Но вопреки всем моим сомнениям, они, казалось, понимали друг друга. И вскоре, в течение первого же года, мне стало ясно, что же их все-таки сблизило. Я не знал раньше, что Джетро, прежде чем окончательно заняться журналистикой, лелеял мечту стать писателем. Теперь Оливия мне рассказала, что он пробовал писать рассказы, очерки, пьесы, но безуспешно. И несмотря на всю свою внешнюю браваду, в глубине души он постоянно чувствовал неудовлетворенность. Именно это и было причиной того душевного надлома, который я всегда ощущал в нем, хотя и не понимал его происхождения. Со своей стороны, и Оливия мечтала о том же, но она, хоть и была гораздо моложе, успела достичь большего. Правда, ей не удалось еще напечатать ни одного из своих произведений, но в ее письменном столе уже накопилось немало стихотворений, очерков, несколько рассказов и даже пьеса, по которым нужно было только слегка пройтись опытной рукой, чтобы придать им завершенность. Когда Джетро познакомился с этими литературными опытами, он по достоинству их оценил, и если прибавить, что он всегда был искренне расположен к Оливии, что она нравилась ему как женщина, то станет понятным то чувство, которое привело их к браку. Она же видела его слабости, понимала, к чему он стремится, и, питая к нему дружескую привязанность, вскоре предложила работать сообща на литературном поприще: они будут вместе писать рассказы, пьесы, даже романы. Поэзию и очерки она оставила себе (так как в этих жанрах можно легче передать свои собственные настроения и переживания). С другой стороны, поскольку Джетро интересовался наукой, философией, историей и жанром биографии, эти темы были отданы ему. Но больше всего ему хотелось писать новеллы и пьесы, в особенности пьесы. Поэтому вскоре после женитьбы они усердно принялись за работу и написали несколько пьес, которые все были значительны и интересны, а одну через год удалось поставить на сцене.

Как это воодушевило Джетро! Какую удовлетворенность ему принесло!
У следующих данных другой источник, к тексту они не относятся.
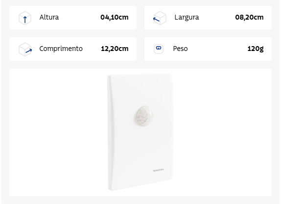 Para garantir praticidade e segurança para as pessoas que circulam pelos seus ambientes, conte com o sensor de presença 120° de embutir em parede Tramontina bivolt com fotocélula branco. Ideal para corredores, halls de elevadores, escadas, garagens e outros espaços com circulação de pessoas, ele comanda o acionamento da iluminação por um tempo determinado, conforme seus temporizadores, que são de 5 segundos, 1 minuto, 5 minutos e 8 minutos, tendo alcance de até 9 metros em 120 graus. Um item Tramontina de parede e de embutir, que leva funcionalidade para o dia a dia e auxilia na economia de energia!Para garantir praticidade e segurança para as pessoas que circulam pelos seus ambientes, conte com o sensor de presença 120° de embutir em parede Tramontina bivolt com fotocélula branco. Ideal para corredores, halls de elevadores, escadas, garagens e outros espaços com circulação de pessoas, ele comanda o acionamento da iluminação por um tempo determinado, conforme seus temporizadores, que são de 5 segundos, 1 minuto, 5 minutos e 8 minutos, tendo alcance de até 9 metros em 120 graus. Um item Tramontina de parede e de embutir, que leva funcionalidade para o dia a dia e auxilia na economia de energia!
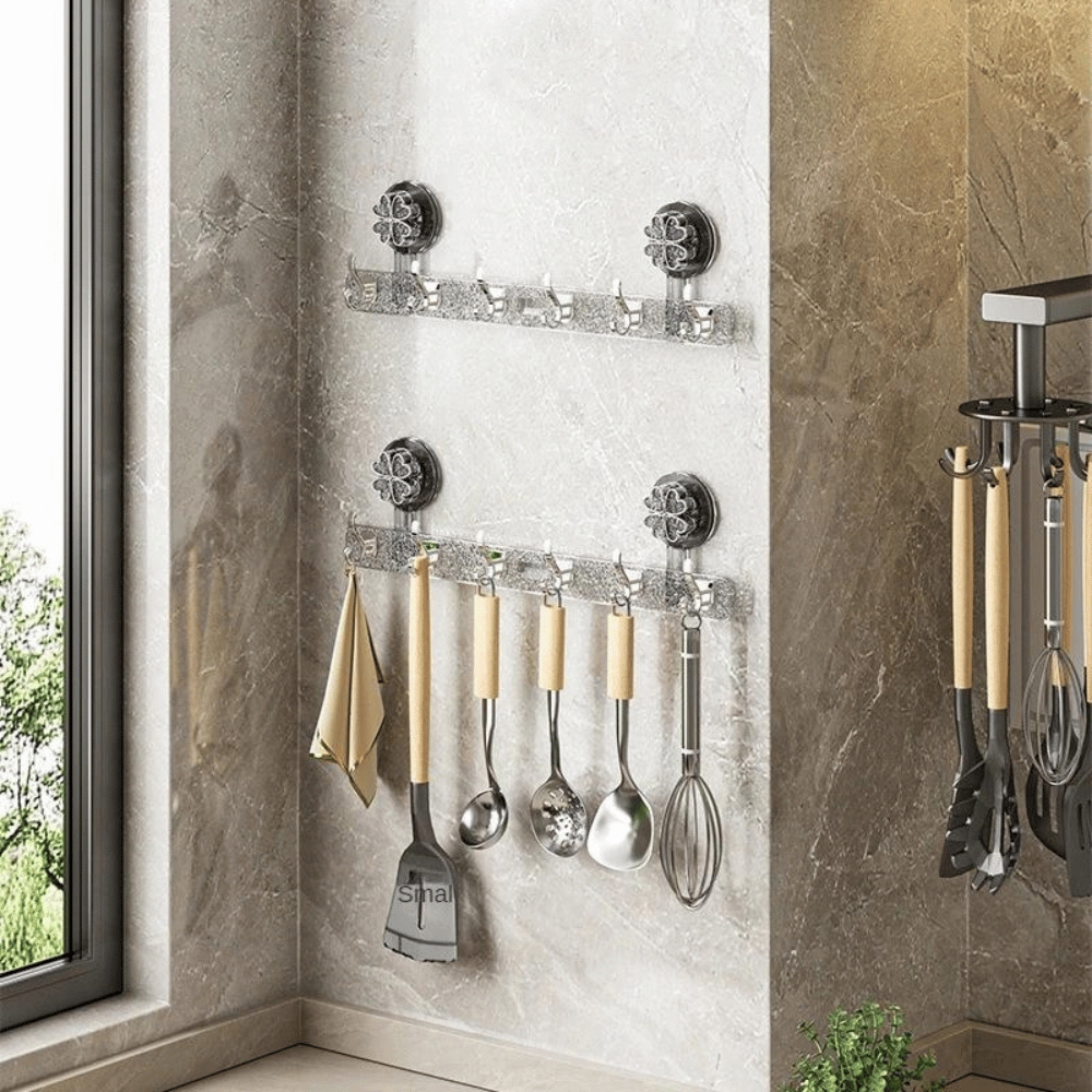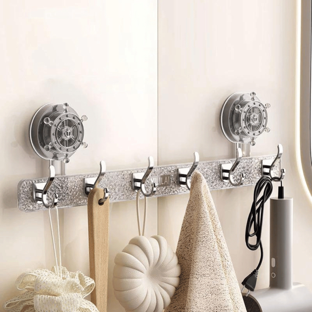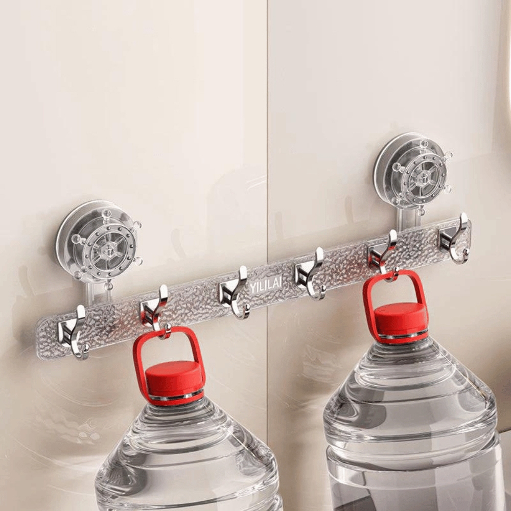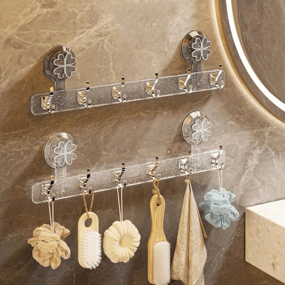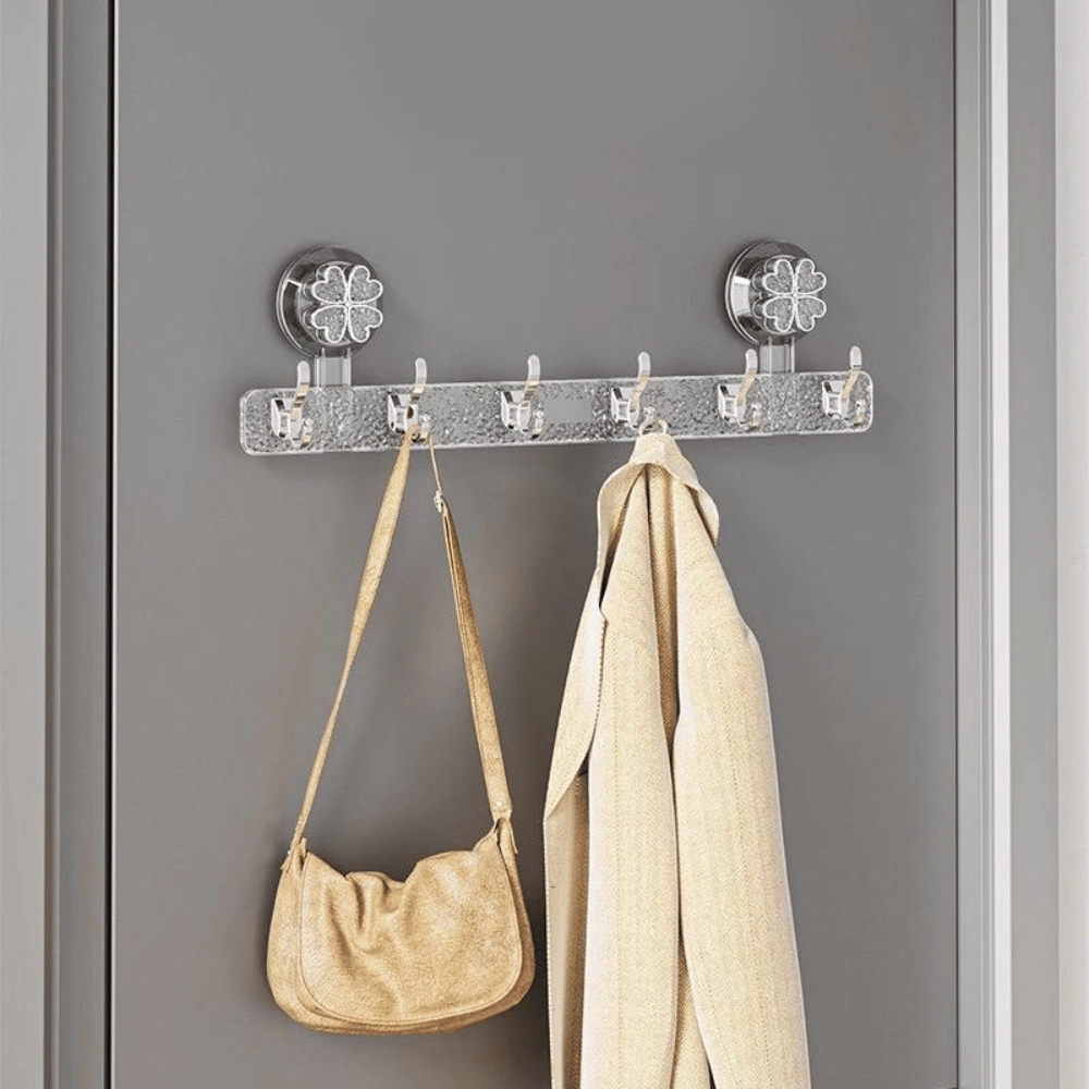Thanh Kệ Móc Treo Quần Áo Trong Suốt Hít Tường 6 MÓC HOA MAI- Móc Treo Đồ Nhà Tắm Dạng Hút Chân Không

Каким восторженным преклонением, доходившим до обожания, окружил он свою необыкновенную жену! Ночные клубы? Вот еще! Вечера в Гринвич-Виллидже? Да кто они такие, завсегдатаи этих вечеров? Сборище бездельников, бесплодные мечтатели и искатели приключений. Ему там нечего делать. Серьезная работа! Истинный успех – вот что ему нужно! Счастливый брак с такой женщиной, как Оливия, круг друзей, которые превращают твой дом в блестящий салон! Джетро прямо на глазах становился другим человеком; под благотворным влиянием Оливии он обрел душевный покой и уверенность в себе, он уже забыл, что совсем недавно сам был бесплодным мечтателем и бездельником из Гринвич-Виллиджа.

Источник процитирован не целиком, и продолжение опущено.